There are a few tell-tale signs that carers can both look out for and teach their clients to look out for, to help them avoid falling victim to phishing scams. Identifying a scam isn’t always easy, so it’s often best to adopt a mentality of assuming that anything suspicious is a scam and contacting any companies (such as the client’s bank) directly using the number listed on the official websites.

Some things you can look out for to spot phishing scams include:

  • Spelling and grammatical errors
  • Sending address errors
  • Unusual links
  • Requests for personal details; no company will ask for this over email, text or over the phone
  • Pressure to make quick decisions

How to avoid scams

As well as spotting phishing scams, you can help your clients avoid them in several ways too, though the most recommended and often fool proof method is to simply treat any unexpected or unusual communication with extra caution.

In many cases, banks and other financial bodies are unlikely to call directly and if they do, they are likely to understand the caution. Ensure that your clients always contact these bodies using separate, official numbers if they’re different to the one provided, or check the number against the official contact information.

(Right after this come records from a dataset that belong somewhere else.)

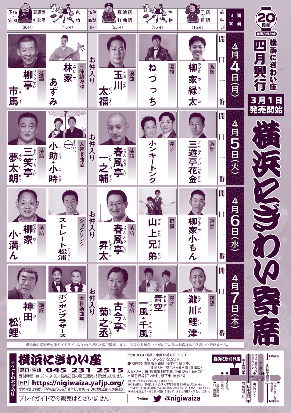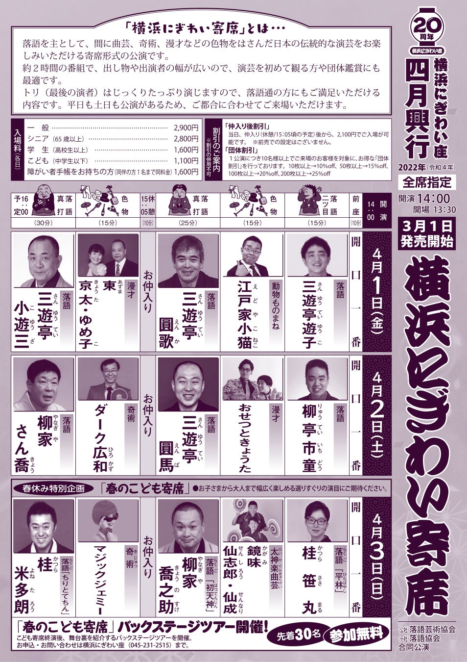 ■公演名:「横浜にぎわい座四月興行 20周年記念公演 横浜にぎわい寄席」
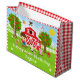 This cute and fun gift bag can be personalized with a name or title such as son, grandson, nephew, friend etc. It features a brown hair boy with fair skin beside a red barn with a rooster wind vane. There are adorable farm animals such as a cow, pig and hen. In the background is a bright blue sky, apple trees, sunshine, butterflies and daisies.
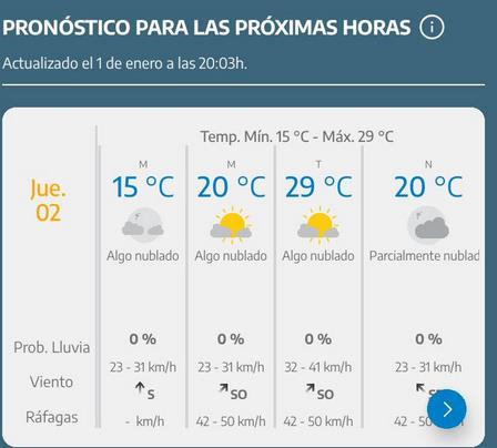 La máxima de las horas próximas podría anotar unos veintinueve grados centígrados contando con vientos de hasta 50 kilómetros por hora.

Some other tips to bear in mind include:

  • Take an approach of never giving out any personal information unless done directly with the company safely.
  • Keep clients’ virus protection software up to date where possible.
  • Advise them against answering unexpected calls, letters, emails, or unknown companies knocking at the door.
  • Keep passwords strong and change them regularly. You can work with your client to do this and help them with remembering any passwords on an ongoing basis.
  • Check the FCA register for any unknown financial companies.

What to do when you spot a scam

If you’ve spotted a scam or believe that your client has been the victim of fraud, it’s important to take action quickly. The Action Fraud phishing scams advice suggests reporting the scam to Action Fraud immediately, using the reporting tool or the FCA Scam Smart website. You can also call them on 0300 123 2040 on your client’s behalf.

It’s also important to cancel any payments if the scam has already been done by helping the client to contact their bank and ask for a direct debit to be cancelled. In some cases, the bank may be able to block any recent payments from going out.

Be aware of any follow-up scams, such as companies offering to get the money back for your client, as these are other common types of scams that could mean they are hit twice.